The referendum result was no surprise to me. For months, I walked the streets of South Shields and the message was loud and clear. Most I spoke to, wanted out – they were sick of being ignored, sick of looking at their boarded up high-streets, sick of hearing about the so-called northern Powerhouse whilst the reality was, they were struggling. Really struggling to cope with the Tory austerity plan which has impacted the North East and other parts of the North more than anywhere in the country.

Thatcherism devastated communities throughout industrial England that have never recovered. The pain and hopelessness felt by the most vulnerable and disenfranchised in our communities explains to some extent why many used their vote to protest against the ‘machine’ – two fingers up to the politicians who they think “don’t care about us”.

Tory austerity measures and their savage welfare reforms have tipped tens of thousands into real poverty – where families and children can’t afford to eat – the most basic human necessity.
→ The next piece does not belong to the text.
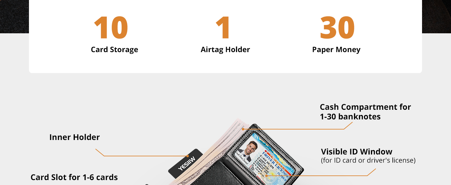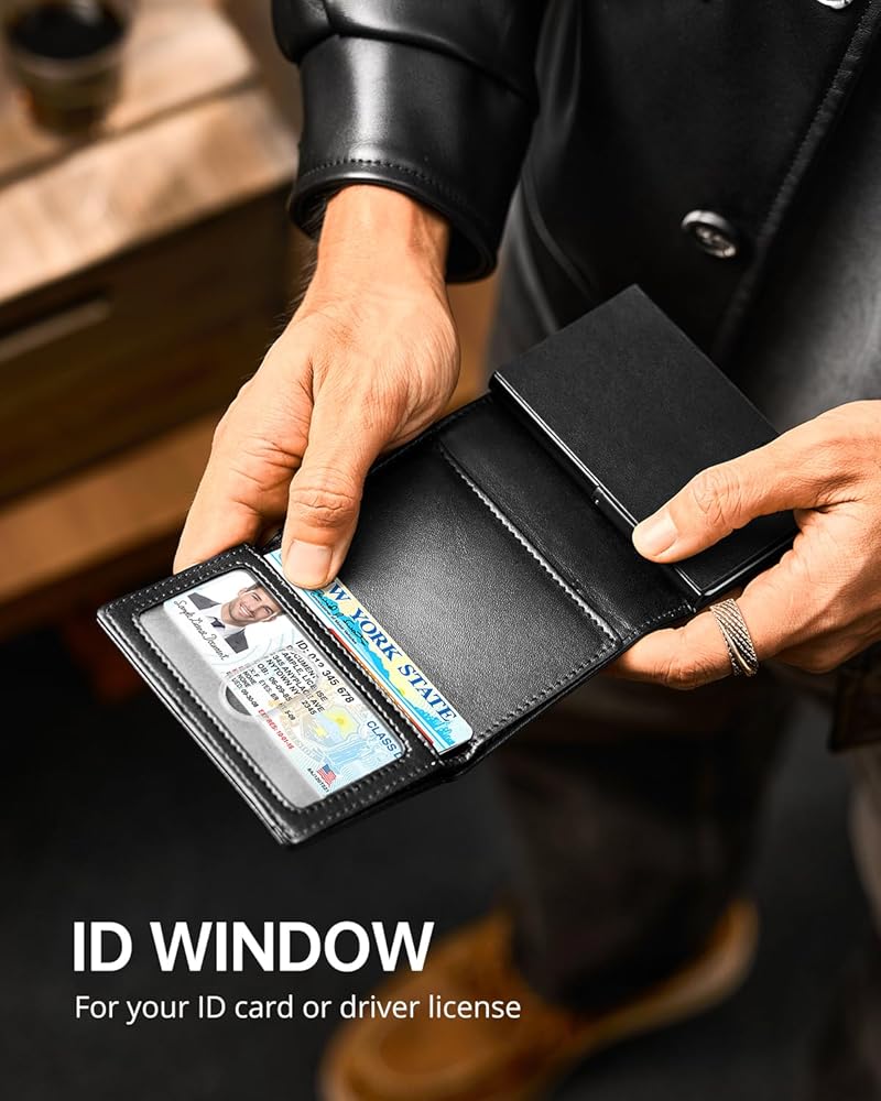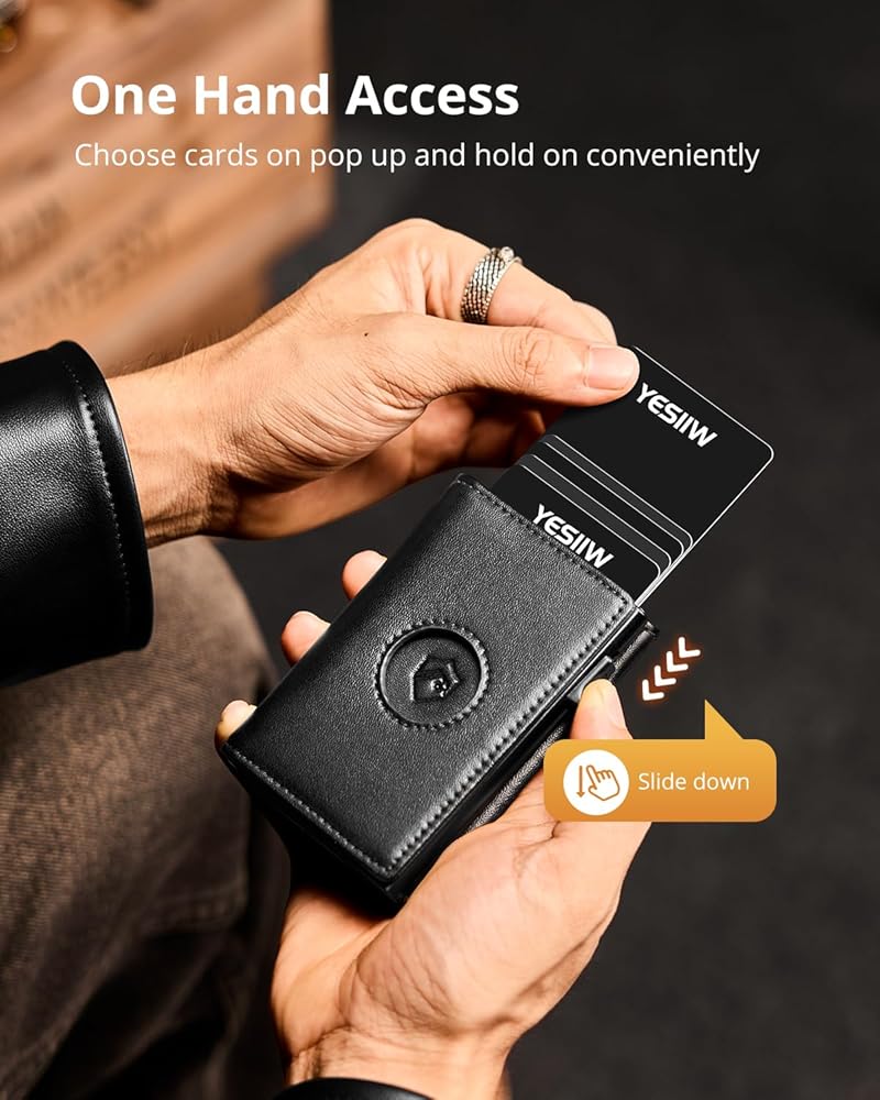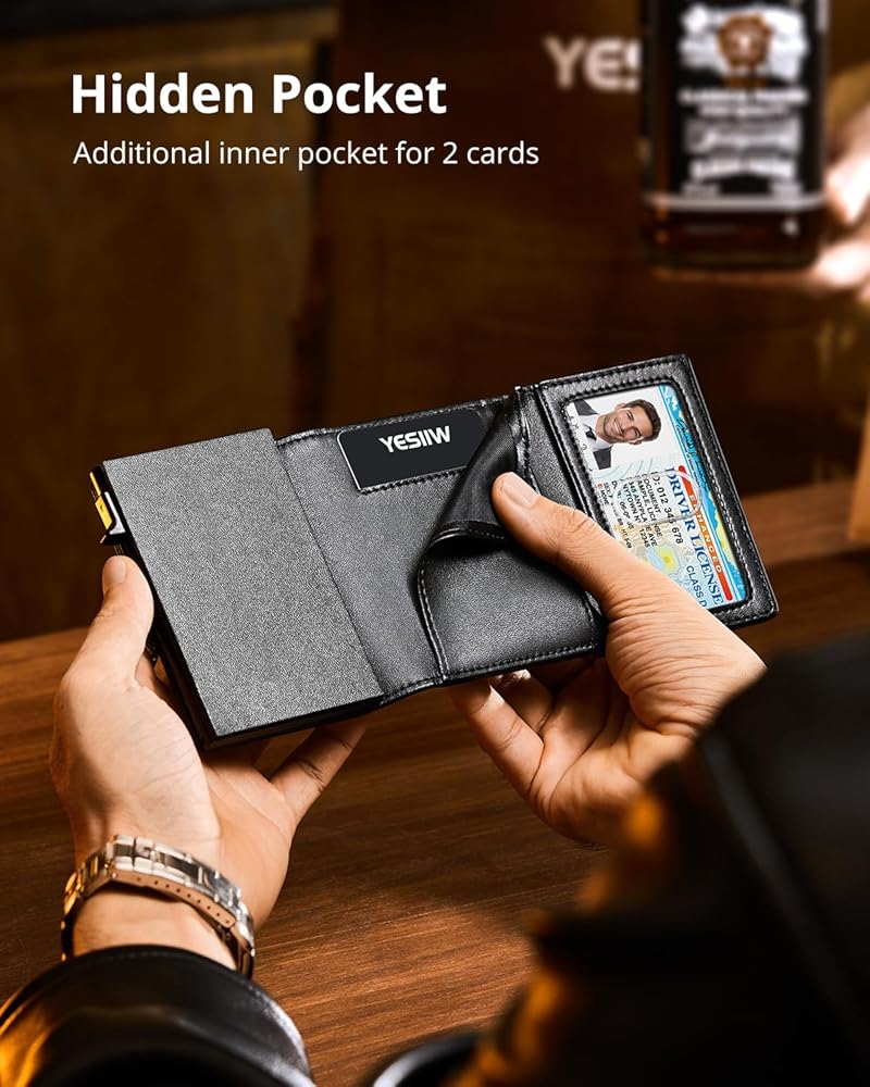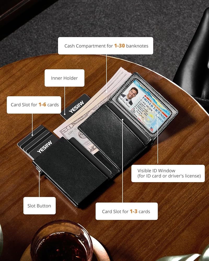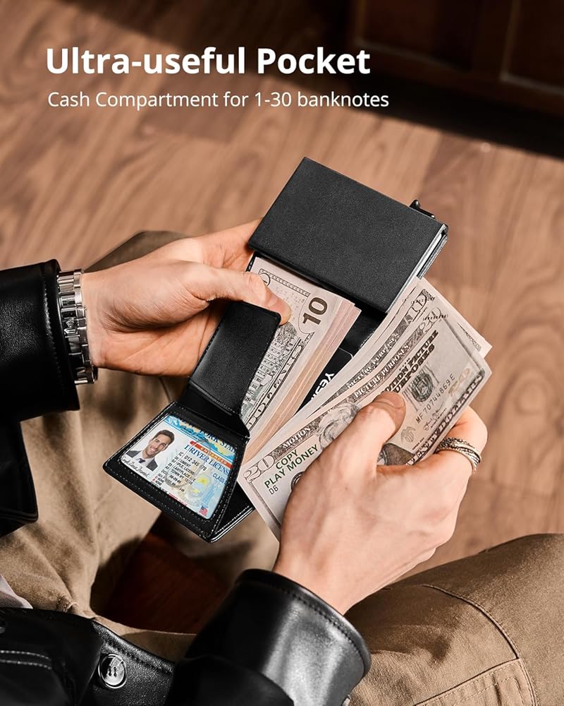 💳وصول سهل وسعة كبيرة: يمكن لمحفظة الرجال الوصول إلى بطاقاتك بسهولة من خلال تمرير سلس للزر. تضمن آليتنا المنبثقة المبتكرة استرجاع البطاقات بسرعة، بينما تستوعب المقصورات المتعددة ما يصل إلى 10 بطاقات، و30 حامل أموال، وحامل بطاقة هوية واحد.

Poverty like this should not be seen in a country as wealthy as ours.

And this is why Kayleigh’s book is so important – in fact prescient. Because if we can offer practical solutions to the hundreds of thousands of people desperate enough to have to ask for food from a food bank we can start to heal the deep social divides that have contributed to the disenfranchisement, the anger and the anxiety that has just split our country in two.

Kayleigh spent two years as a researcher and a Trussell Trust foodbank volunteer. We will hear more about the findings of the book in a few minutes but the one thing that struck me, because it’s the thing too often ignored by politicians across the political spectrum – is that Kayleigh provides a platform for the voices and stories of the people using the foodbanks – in their own words.

Her book shows, as the APPG also found, that people use foodbanks for a number of reasons, ranging from immediate crisis in the forms of benefits sanctions or delays, longer term insecurity including fuel poverty, debt and low-paid work and tipping points such as bereavement and funeral costs or job loss.

We must form policy after listening, really listening to the individuals whose lives demonstrate they have been let down by Government – so badly that they can’t afford to feed themselves.

Yes the issues are complex – and yes there is no silver bullet – but the Conservative Government cannot ignore the fact that their policies on welfare reforms and austerity measures have hit the most vulnerable in society more than anyone else.

It is a national scandal that this book had to be written at all. When people go searching for food at a foodbank, because it is the only way to feed themselves or their family, those people doesn’t have a choice. If they don’t have a choice on something as basic as feeding themselves, what else do they have no choice over? And what of the millions in this country who may not be desperate enough to have to visit a foodbank but see and feel the poverty all around them, and feel intensely the struggle they are having to make ends meet?

Is it just possible, that when these people did get a choice in this referendum – they used their choice to show their anger against the deep division in our country between the have, and the have nots?

It is now incumbent on whoever the next Prime Minister is to answer that question honestly and to act upon the findings of the APPG on hunger which – I am angry they didn’t do two years ago – to ensure that no one who lives in Britain should live in food poverty. I thank Kayleigh for her great contribution to this debate and look forward to hearing all of your thoughts.